The model2 with frequency of meeting is significantly better than model1: lower RSS shows that.

tab_model(model1, model2)

	as.numeric(happy)			as.numeric(happy)
Predictors	Estimates	CI	p	Estimates	CI	p
(Intercept)	8.25	8.00 – 8.49	<0.001	7.15	6.67 – 7.64	<0.001
age	-0.02	-0.02 – -0.01	<0.001	-0.01	-0.02 – -0.01	<0.001
gndr [Female]	-0.13	-0.32 – 0.05	0.145	-0.14	-0.32 – 0.04	0.122
sclmeet [Less than once a month]				0.59	0.15 – 1.02	0.008
sclmeet [Once a month]				0.80	0.34 – 1.25	0.001
sclmeet [Several times a month]				0.94	0.51 – 1.37	<0.001
sclmeet [Once a week]				1.19	0.74 – 1.64	<0.001
sclmeet [Several times a week]				1.20	0.74 – 1.66	<0.001
sclmeet [Every day]				1.20	0.70 – 1.70	<0.001
Observations	2346			2346
R² / R² adjusted	0.019 / 0.018			0.038 / 0.035

Still, each model describes only up to 0.04 variance max at the best case and that’s too bad!

4. Interpretation

Assumptions

plot_model(model2, type = "diag")[[1]]

We don’t have any multicollinearity!

plot_model(model2, type = "diag")[[2]]

And even residuals distributed normally and there are no major outliers!

plot_model(model2, type = "diag")[[3]]

Here again - residuals at the best shape and very nicely fits under the normal distribution line.

plot_model(model2, type = "diag")[[4]]

And here the baddest picture - homoscedasticity.
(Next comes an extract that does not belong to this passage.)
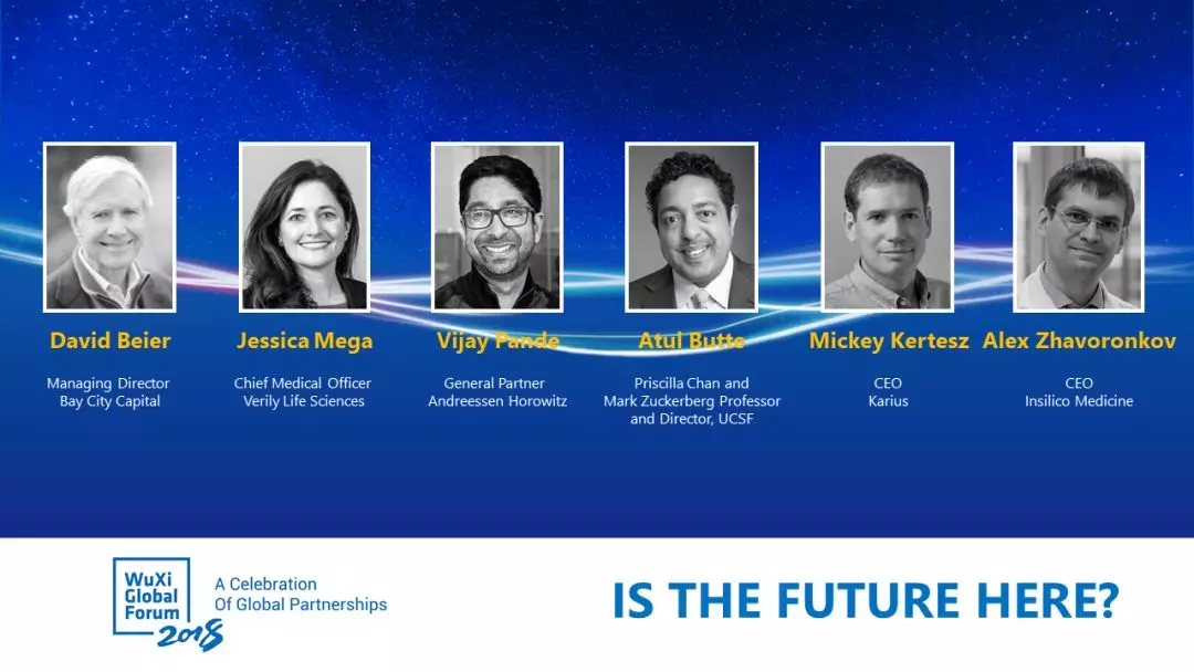 本文转载自“药明康德”,原标题:未来已来? | 药明康德全球论坛实录。 主持人: David Beier博士,Bay City Capital董事总经理 嘉宾: Jessica Mega博士,Verily Life Sciences首席医学官 Vijay Pande博士,Andreessen Horowitz合伙人 Atul Butte博士,加州大学旧金山分校(UCSF)计算健康科学研究所主任 Mickey Kertesz博士,Karius首席执行官 Alex Zhavoronkov博士,Insilico Medicine首席执行官 未来已来? David Beier博士:大家好,这是我们今天的最后一场专题讨论。先请大家简单介绍一下自己,以及和人工智能相关的背景。

Looks as bad as \[R^2\] of our models.

5. Visualization of the better model

shine bright!

plot_summs(model2, plot.distributions = TRUE, inner_ci_level = .9)

Again, here can be seen coefficients with confidence intervals of the best (second) model: - age is nearly on the line - gender crosses the line with it’s confidence interval - and for different levels of meeting frequency everything great!

Effects

plot_model(model2, type = "pred")[[1]]

Age has significant negative effect and with greater age level of happiness expected to lower.

plot_model(model2, type = "pred")[[2]]

Gender is not significant so that picture can be scipped.

plot_model(model2, type = "pred")[[3]]

And level of happiness significantly affected by meeting frequency with positive direction!

Summary

It does not matter what gender are you - just spend time with your friends more while you are young and be happy!